After optionally completing setup of the configuration file, config.json, you can run the software with a command as follows.
$ java -jar koji-build-finder-<version>-jar-with-dependencies.jar /path/to/distribution.zip
In this execution, the Koji source finder will read through the file distribution.zip, trying to match each file entry against a build in the Koji database provided that the file name matches one of the specified Koji archive types and does not match the exclusion pattern.
On the first completed run, the software will create a checksum-<checksum-type>.json file to cache the file checksums and a builds.json file to cache the Koji build information. Currently, if you wish to perform a clean run, you must manually remove the JSON files. Otherwise, the cache will be loaded and the information will not be recalculated.
This section describes the JSON files used for caching the distribution information between runs in more detail.
The checksum-md5.json file contains a map where the key is the MD5 checksum of the file and the value is a list of all files with the checksum.

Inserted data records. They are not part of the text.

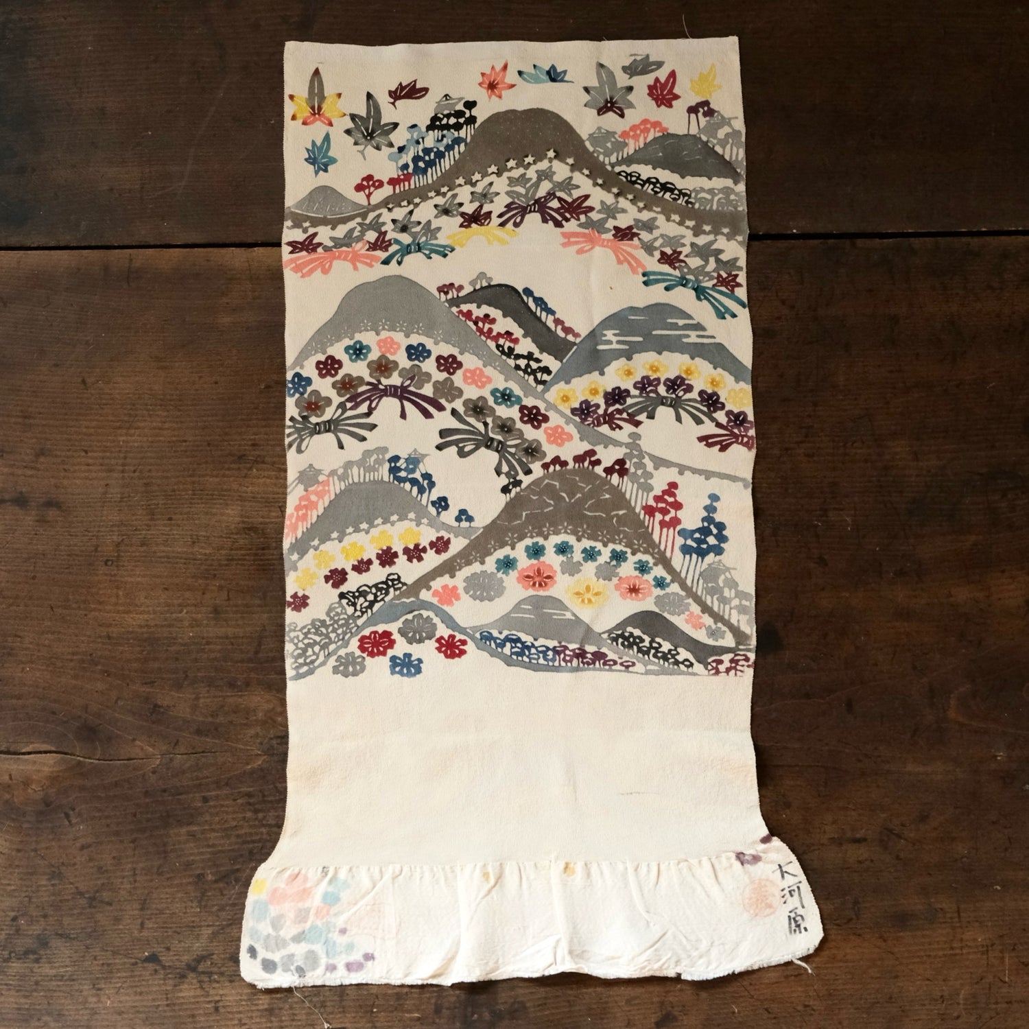 Vintage Japanese kimono silk textile Ryukyu Bingata Okinawa mountains (b-37)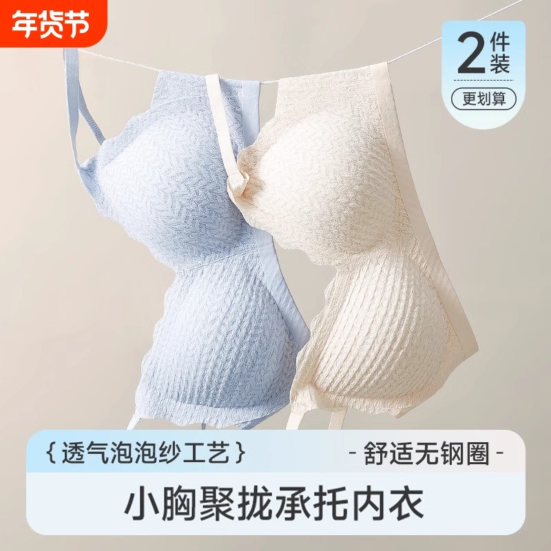 内衣女小胸聚拢上托防下垂性感无痕蕾丝美背文胸无钢圈乳胶胸罩夏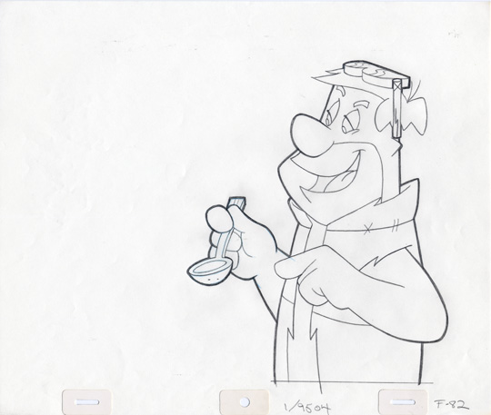The Van Eaton Galleries Certificate of Authenticity states that this is a pencil drawing of Fred Flintstone from a Cocoa Rockies commercial done by Renegade Animation. Cocoa Rockies is a Barney Rubble fake cereal that he tries to switch for Cocoa Pebbles Cereal in what is actually a commercial for Cocoa Pebbles.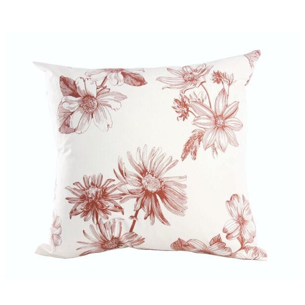 Almofada em tecido natural de algodão com motivo floral, já vem com recheio de fibra siliconada e zíper lateral para facilitar a lavagem e conservação. Almofada charmosa para quartos e salas...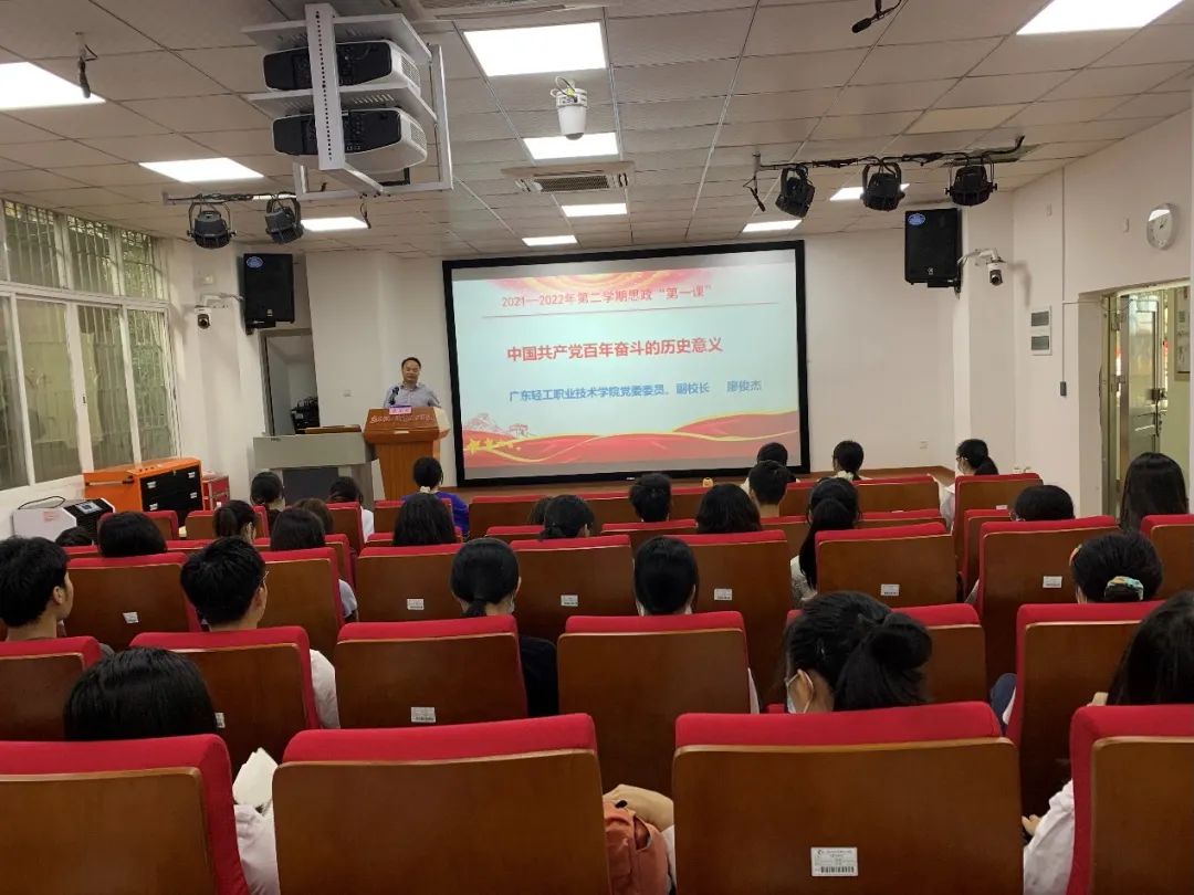 3月11日下午,在广州新港校区第一实训楼105教室,学校党委委员、副校长廖俊杰以“中国共产党百年奋斗的历史意义”为主题,为营销203班和注师201班同学讲授了新学期“思政第一课”。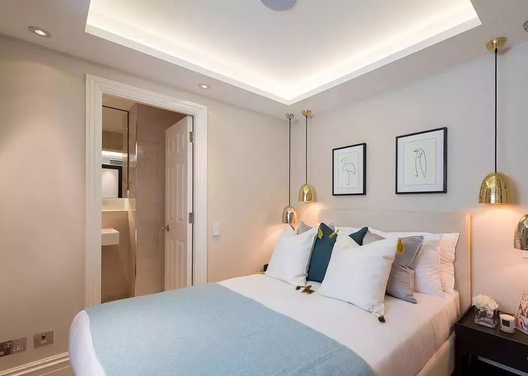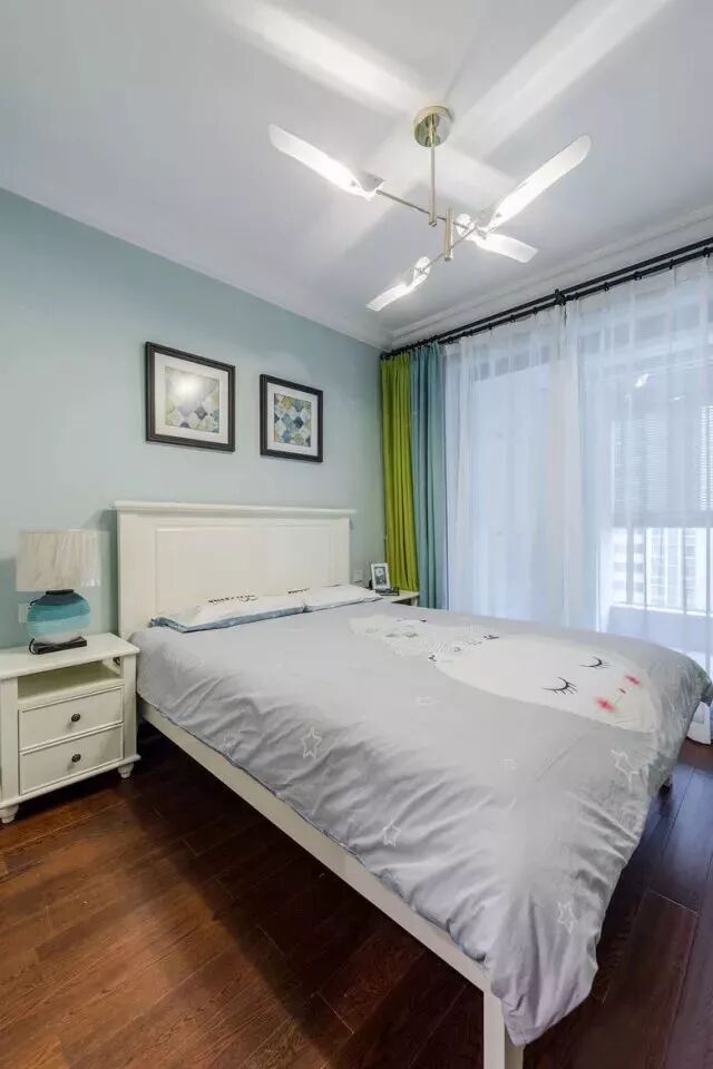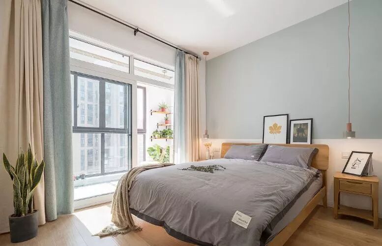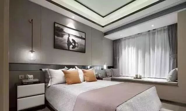 加入一些温馨的暖色系,主卧看起来就相对没有那么硬,营造出舒适浪漫的睡眠氛围,背景墙拦腰处理更显空间立体感。

Note that it is possible to have more than one file with the given checksum.
For completeness, the checksum-md5.json file contains every single file found in the input, including any files found by recursively scanning compressed files or inside archive files.
The builds.json file contains a map where the key is the Koji build ID. The special ID of 0 is used for files with no associated build, as Koji builds start at ID 1. The value contains additional maps, a partial list of what is contained is Koji Build Info, Koji Task Info, Koji Task Request, a Koji Archive, a list of all remote archives associated with the build and a list of local files from the distribution associated with this build.
After a completed run, several output files are produced in the current directory. These files are overwritten on additional runs, so if the output files need to be saved between multiple runs then unique directories for each run.
This is a report in the file output.html in HTML format containing all Koji builds found as well as any problems associated with the builds.
The HTML report currently reports total builds, including number of builds that are imports. Additionally, it reports
- Matching files with no Koji build associated. These are potentially files that need to be rebuilt from source, for example, a dynamic library downloaded from upstream during the build process.
- Builds that are imports and not built from source. These represent files which as they are builds with a known community import in the Koji database almost certainly need to be built from source and/or removed from the distribution if not required at runtime. These often appear inside shaded jars and the like.
This is a report in the file nvr.txt text format of one name-version-release per line, as is typical with Koji native builds and RPMS.
This is a report in the file gav.txt text format of one groupId:artifactId:version per line, as is typical with Maven builds.